Рыцарь Бодуэн и его семья. Книга 3 (СИ) - Дубинин Антон - Страница 13
- Предыдущая
- 13/74
- Следующая
Однажды в Шиноне, городе на полноводной Вьенне, мы едва не попали в беду, столкнувшись с большой компанией наемников, отдыхавших в том же трактире. Для нас не нашлось комнаты, кроме общего зала, а искать другой кабак в темноте, в незнакомом городе, вовсе не хотелось, и мы с купцом — самые осторожные члены нашего отряда — понадеялись, что как-нибудь пересидим. Но наемники, хорошо напившись, скучали без легкой драки; выбор их пал на слабое звено нашей цепи, безошибочно угаданное этой стервозной породой — на Рамонета. В ответ на подначки пьяного одноухого громилы наш охраняемый драгоценный принц не выдержал и дал ему пощечину. Мы все четверо, его сопровождающие, внутренне застонали. Наемник застыл с кривой ухмылкой, медленно соображая, каким именно образом уничтожить наглеца-мальчишку, а кабатчик и его вышибалы может и подоспели бы, чтобы вытереть кровь с пола — но не раньше.

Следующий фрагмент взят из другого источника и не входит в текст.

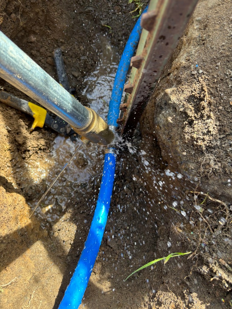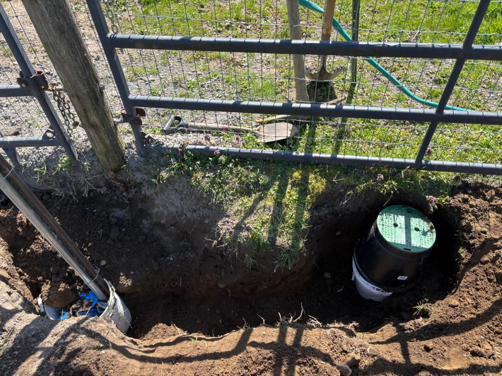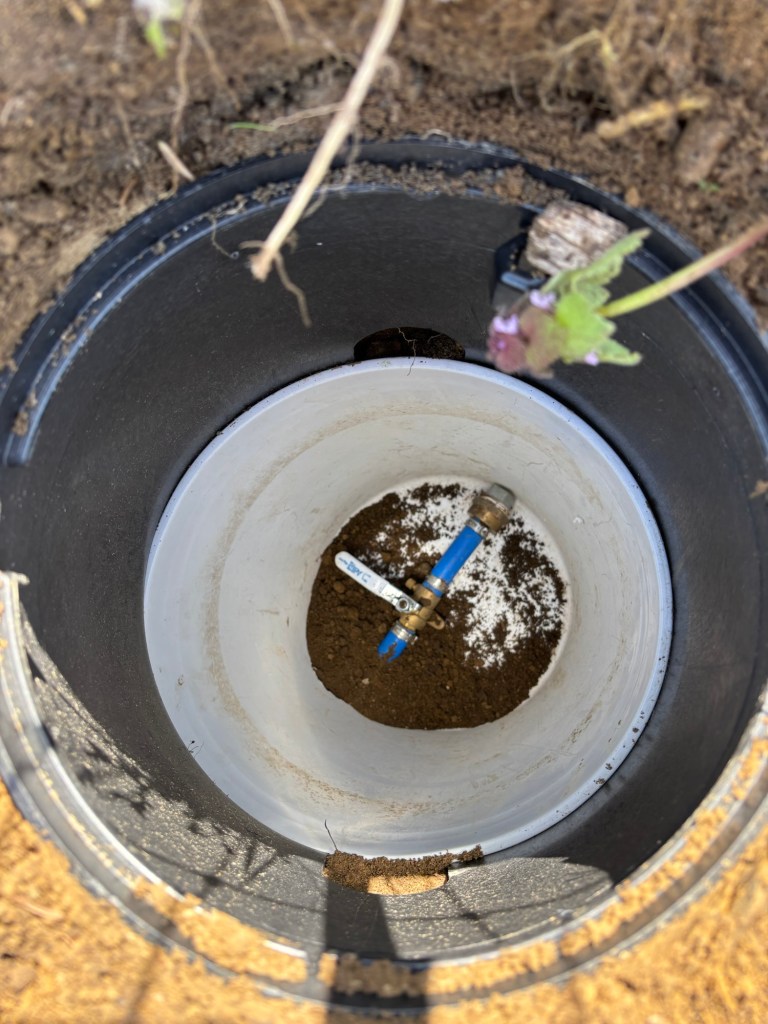 This is about 3 feet down, accessible through a valve cover, although it is so deep that it would be impossible to work on without digging it up. This is there in case we want to branch off this water line to extend out for whatever reason. Mostly because I had all the parts to do it, and so why not.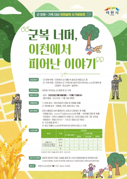 [금요저널] 이천시 도서관은 군 장병과 그 가족을 대상으로 ‘군복 너머 이천에서 피어난 이야기’라는 주제로 이천살이 수기 공모전을 개최한다.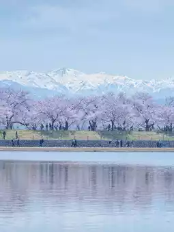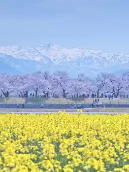 "Asahi Funagawa Spring Quartet" in Asahi Town, Toyama Prefecture is a spectacular spot where rows of cherry trees, tulips, and rape blossoms bloom with the snow-capped Mount Asahi and Mount Shirouma in the background.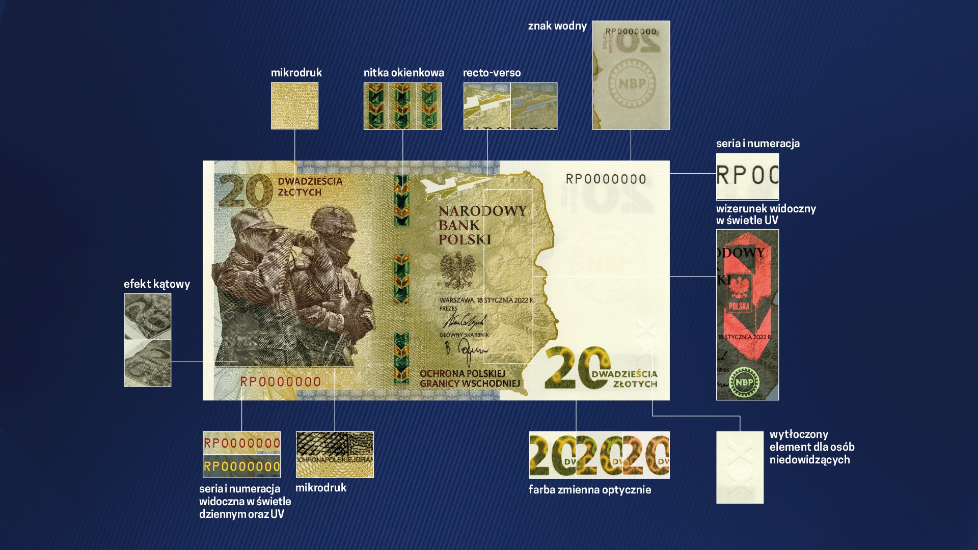 Na przedniej stronie banknotu są sylwetki funkcjonariusza Straży Granicznej i żołnierza Wojska Polskiego, a także fragment mapy Polski. Z drugiej strony jest wizerunek orła z polskiego godła, a także policyjny śmigłowiec na tle krajobrazu terenów przy wschodniej granicy Polski.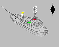 [24a (v)] Wenn der Schleppzug länger als 200 m ist, muss ein rhombusförmiger Signalkörper dort geführt werden, wo er am besten zu sehen ist. [24h und i] Schiffe, die üblicherweise nicht zum Schleppen eingesetzt werden, brauchen keine Schlepplichter zu führen, wenn ihnen das nicht mit vertretbarem Aufwand möglich ist. Dies gilt auch für Fälle, in denen Schiffe aus einer Notlage heraus geschleppt werden müssen. In solchen Fällen sollte versucht werden, das geschleppte Fahrzeug oder die Schleppleine möglichst gut zu beleuchten. |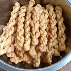 5. Roll the strips into long and thin pieces! Then pinch one side with one hand and rub it in reverse with the other hand! Make it into twists based on personal preference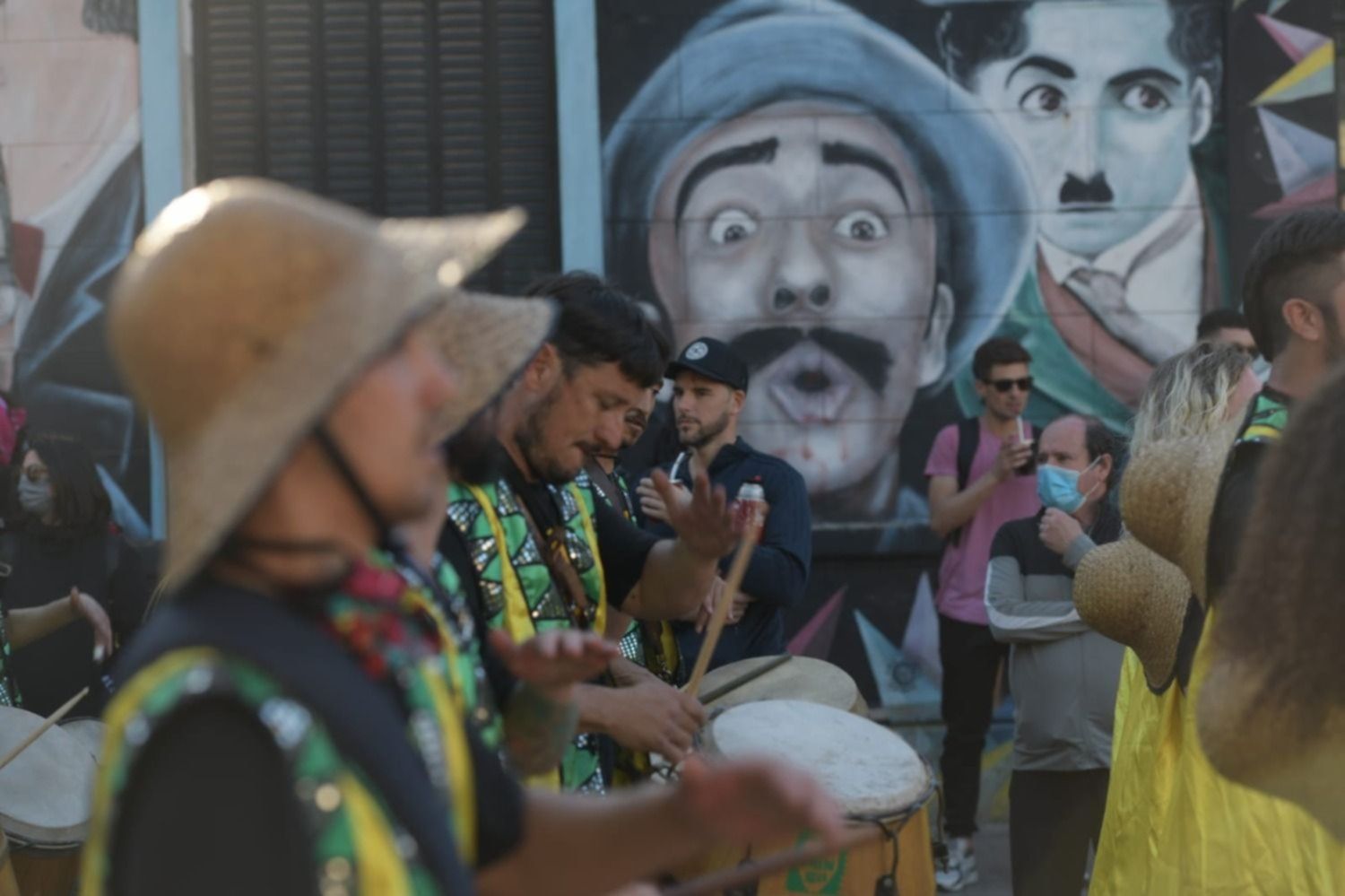 El histórico empedrado del barrio Meridiano V volvió a respirar cultura popular después de un año y medio en el que las calles estuvieron en silencio por la pandemia. Varias cuerdas de tambores y comparsas coparon la calle para protagonizar la primera llamada y el color sonidos invadieron las antiguas casonas que rodean a la Vieja Estación de 17 y 71.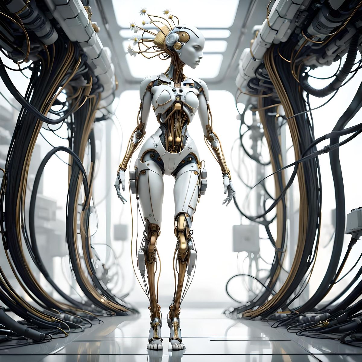 Human made of wires, dynamic pose, futuristic biopunk background. digital matte painting V-Ray doubletime displacement mapping trending on artstation Greg Rutkowski cinematic dramatic impactful in white ivory and gold, flowercore, futuristic elegant biopunk, long legs, highly detailed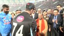 - भारत बनाम न्यूजीलैंड T20 अंतरराष्ट्रीय क्रिकेट मैच के दौरान खिलाड़ियों से भेंट करते मुख्यमंत्री जी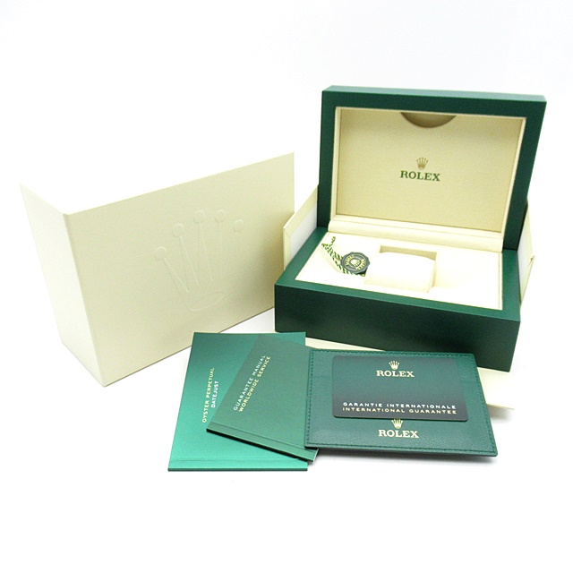 新品。ルーレット刻印。人気のミントグリーン文字盤。ランダム番。2010年以降の生産。2023年3月の購入品で以後5年間のメーカー保証が付いています。121.0g。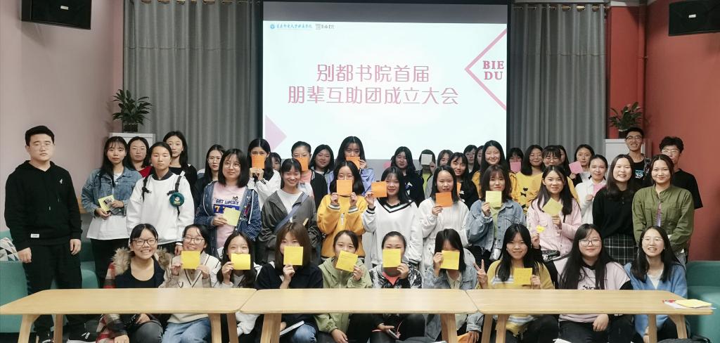 为推进别都书院朋辈圈层构建,在书院内营造共享、共进、共赢的朋辈氛围,实现大学生间朋辈引领、朋辈互助作用,引导学生之间形成良好的互动互助模式。从2019年10月起,别都书院通过兴趣引导、朋辈双选会的形式成功组建朋辈互助团,招募高年级优秀学生志愿者与新生组成朋辈互助团。目前共吸纳朋辈互助团成员122名,通过兴趣挖掘、圈层互动、实操训练、日常行为养成等形式,不断提升朋辈互助团成员间的交流互动与技能提升。

Мы с Аймериком обреченно положили руки на рукоятки мечей. Вот мы и пропали, мелькнула у меня горестная мысль; сейчас завяжется драка, вся наемничья компания на нас навалится, потому что больше, чем купцов, они ненавидят только дворян… Так что нам в обоих качествах спасу не будет.
Благослови Бог Арнаута де Топина, умнейшего в мире маркитанта! Он один поступил верно и спас нас всех. Откуда только ярость взялась в его полноватом, не шибко сильном теле — но купец Арнаут вскочил и с гневным воплем залепил такую оплеуху Рамонету, что наш принц повалился с ног.
— Пацаненок, свинья, дерзец такой-разэдакий! — орал мастер Арнаут. — Да как ты смел на старого солдата руку поднять! Да этот храбрый человек тебе, сопляку, в отцы годится, а ты едва в кольчугу влез, так думаешь, можно руками размахивать? Господин солдат милость сделает, если твои мозги по стенке не размажет!
И, обращаясь уже к наемнику, несколько опешившему от такого подхода:
— Уж простите милостиво, господин солдат! Племяш мой, свиненыш сопливый, первый раз из дому нос высунул! Пожалейте бестолкового мальчишку, я его сам нынче же так выпорю, что неделю спать на животе будет! Христом-Богом прошу прощения… — И все в том же духе, о племяннике, которого бедняга купец впервые взял с собою в дорогу, а дурак мальчишка решил, что раз он в кольчуге, так уж и солдат, и посмел на служилого человека обидеться… Рамонет, бледный, с закушенными губами, поднялся с пола и сел, прижимая ладонь к разбитому лицу. Рыцарь Арнаут — на время странствия «сержант Гильем» — предупредительно положил ему руку на плечо. Но тот и не думал бросаться вперед, так и просидел весь вечер, не поднимая глаз, напряженный, как струна, готовая вот-вот лопнуть. Я боялся смотреть ему в лицо. А наемник удовлетворился парой серебряных денье и отправился пить, походя щелкнув Рамонета по голове — почти отеческой, более не злобной рукой. Наш молодой граф дернулся всем телом, но ничего не сказал.
Так промолчал он до раннего утра, когда мы спешно выехали из Шинона. Толстые башни замка громоздились на фоне серого весеннего неба. Серая выдалась весна — или, может, дело в том, что помимо нашего Лангедока все земли казались мне серы?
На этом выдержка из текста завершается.